In the June issue of the open-access journal PloS Biology, the team describes how a protein called LexA in the bacterium Escherichia coli promotes mutations and helps the pathogen evolve resistance to antibiotics. The scientists also show that E. coli evolution could be halted in its tracks by subjecting the bacteria to compounds that block LexA. Interfering with this protein renders the bacteria unable to evolve resistance to the common antibiotics ciprofloxacin and rifampicin.
"If you inhibit this pathway, the bacteria cannot evolve," says Scripps Research Assistant Professor Floyd Romesberg, Ph.D., who led the study.
Since the evolution of resistance is under the control of LexA, compounds that block the protein might prolong the potency of existing antibiotics.
Evolution -- Its not Like Death and Taxes Anymore
This research raises fundamental questions about evolution. Biologists have often thought about evolution in the same way many think about death and taxes -- something inevitable.
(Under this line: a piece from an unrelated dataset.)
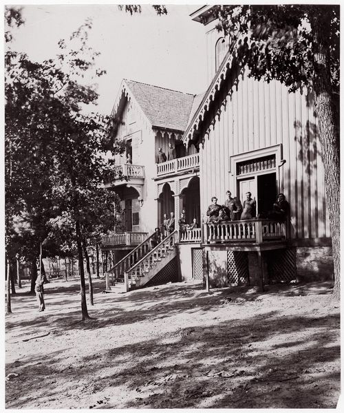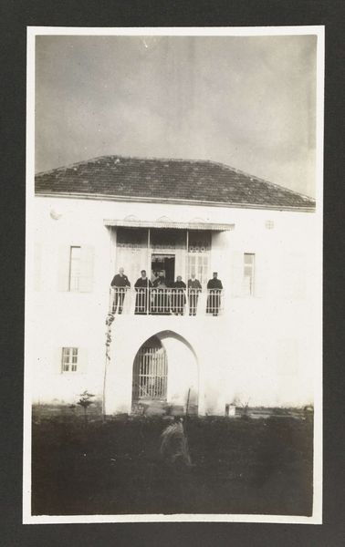 Curator: This is a fascinating image from possibly 1925 by A.G.A. van Eelde. The artwork, captured through photography, is titled "Zomerverblijf der Shahs nabij Teheran, Perzië," or "Summer residence of the Shahs near Tehran, Persia." Editor: My first impression is of stillness, of a forgotten grandeur. The black and white amplifies a sense of distance, both temporal and emotional. There is such rigidity, an imperial architectural statement asserting itself over nature. Curator: Yes, you are right, the architecture has a commanding presence, certainly designed to reflect the Shah's power, but there's also the tradition of Orientalism at play here, a Western fascination and interpretation of the East through imagery and representation. How does that inform your reading of it? Editor: Precisely. The "orientalism" tag reveals layers of socio-political and aesthetic concerns. As you mention, we’re observing not just a place, but a Western construction of it. The lack of people contributes to a narrative about the "exotic" other; observe that a vacant scene allows Western viewers to project their fantasies or expectations of the East without confronting complex realities. Curator: Considering that the picture seems staged, it really accentuates your point. What I find particularly intriguing is the water channel cutting through the scene's lower portion. Its geometry is really interesting in the frame. Editor: Right. That suggests not only opulence but also control. This could also refer to power dynamics between humans and nature; like water being controlled by civilization. Are the Shahs mastering the natural environment, imposing authority and power? It adds depth to our interpretation and complicates an immediate reading of serenity. Curator: Indeed. The historical and political subtexts, as we see, can be rather complex. This image really makes you pause and reflect on both the art and the colonial and socio-political environment of its production and reception. Editor: And the lasting impact of such images—they inform contemporary narratives of identity and place. Recognizing that orientalist legacy helps to develop better nuanced readings of our own cultural production.

But Romesberg is a chemist, and he found himself asking not only how, but why evolution happens.
For the last few years, Romesberg has led an effort to understand the genes that drive evolution, an innovative way of thinking because scientists have more often understood evolution as the force that drives genes. What underlies evolution is mutation -- changes in the DNA. "Mutations are the fuel for evolution," says Romesberg.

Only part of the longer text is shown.